5 Conclusions and discussions

This paper explored the economic, social, and ecological benefits of urban land use, as well as the moderation of urban development. We used panel data of 35 major cities from 2003 to 2012 in the evaluation of land urbanization quality and presented an empirical study of the causality relationship between land urbanization quality and economic growth. The cities studied were divided into three groups, namely, Western, Eastern, and Central China. Regarding research methods, weighted comprehensive evaluation, and impulse response function, panel FMOLS, panel unit root analysis, and panel co-integration analysis were employed.

The results indicate the lack of long-run causality from GDP per capita to land urbanization quality in all three regions. For Eastern China, mutual short-run causality is found between land urbanization quality and economic growth. Long-run causality from economic growth to land urbanization quality has also been found. Economic growth exerts a positive effect on land urbanization quality and diminishes over time. For Central China, no short-run causality is found between land urbanization quality and economic growth. Land urbanization quality alternates between positive and negative values on economic growth and diminishes over time. For Western China, mutual short-run causality is found between urbanization quality and economic growth. Economic growth exerts positive effects on land urbanization quality in the short-run and vice versa.
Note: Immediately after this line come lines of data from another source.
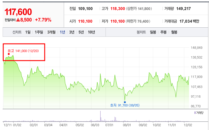 - 52주 최고가/최저가: 최고 141,000원(2023년 12월 20일), 최저 91,700원(2024년 8월 5일).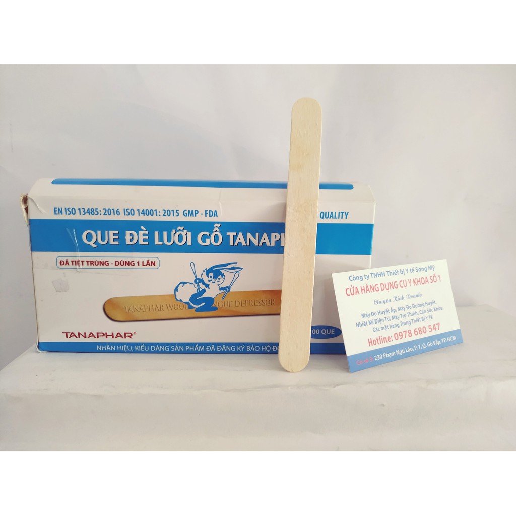 Đè lưỡi gỗ đã tiệt trùng hộp 100 cây dùng để khâm bệnh tai mũi họng hoặc phục vụ những công việc hạn chế tiếp xúc trực tiếp với mầm bệnh.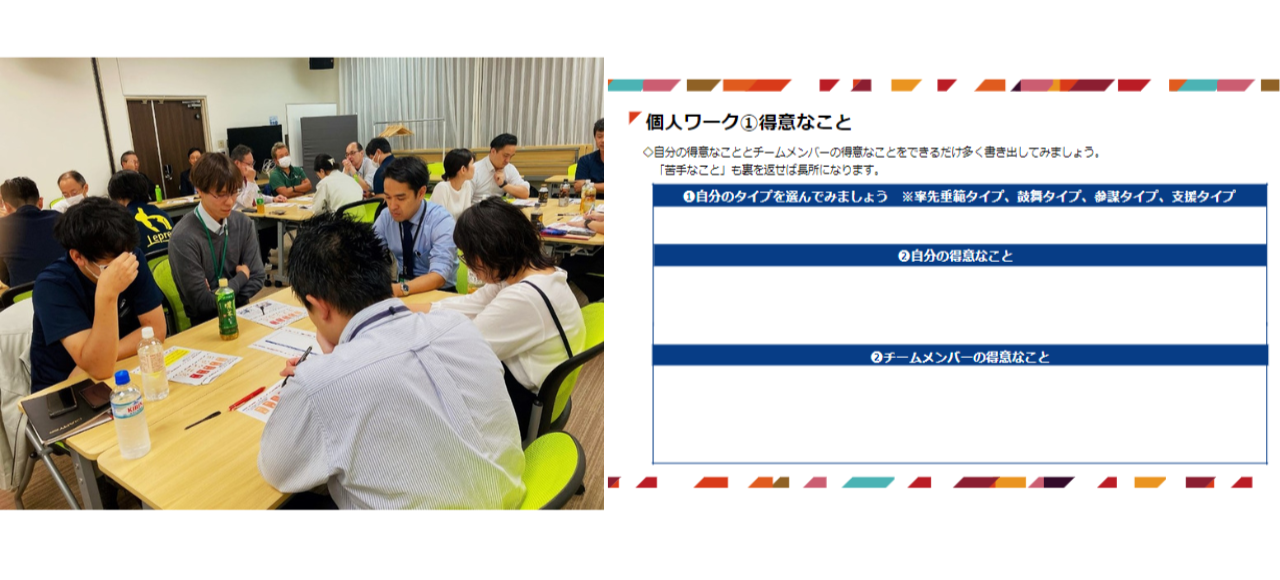 フレームワーク「タックマンモデル」、組織の役割について講義を行い、最後に自社や個人の特長をワーク形式でまとめ、学びの理解を深めました。

Based on the empirical results, we identified the following policy implications.

(1) To transform the performance evaluation mechanism of local government to standard government behavior: As shown in the results, economic growth evidently exerts a positive effect on land urbanization quality in all three regions in the first 3 years. This finding indicates that, under the current GDP assessment system, the land urbanization policy promoted by the government can be inevitably distorted. As urbanization involves population, land, economy and other aspects, land urbanization, the core of urbanization and the key to sustainable development of urbanization, is in question. Land urbanization is not only able to promote fixed-asset investment-led growth and improve short-term economic growth, it can also enable local governments to obtain financial benefits to ease financial pressure. Thus, on the basis of the different circumstances in different regions, we need distinct policies.

For Eastern China to achieve a higher quality of urbanization with a relatively limited space resource, a long-term growth model should be established. One example is to further expand the residence permit system and the household registration system to motivate the surplus labor force to settle down in big cities. In the case of Central China, serving as the engine of next stage of city development, land urbanization alternates between wielding positive and negative effects on the economy; thus, further policy support is required. For Western China, reasonable policies should be formulated to attract the surplus labor force to relocate to these areas. Given that mutual short-run causality exists between land urbanization quality and economic growth, urban scale in these areas can be moderately expanded. The development of these areas is one of the priorities of the national strategy that requires further policy implementation.

(2) To further develop inter-regional coordination and cross-regional operation: As for inter-regional coordination, major national strategies, such the “one belt and one road project” and the coordinated development of Beijing-Tianjin-Hebei region and the Yangtze River economic belt, should be aggressively proposed to further deepen the implementation of the overall strategy for regional development. As for cross-regional operation, the main point is to reduce the economic gap between the Western region and other areas. Based on the results in this paper, land use quality in Western areas remains at a relatively low stage, which is heavily affected by urban expansion in both the short-term and in the long-run. Thus, we need to further deepen cooperation among regions. In addition, promotion of mutual coordination of regional land use level is extremely important and meaningful.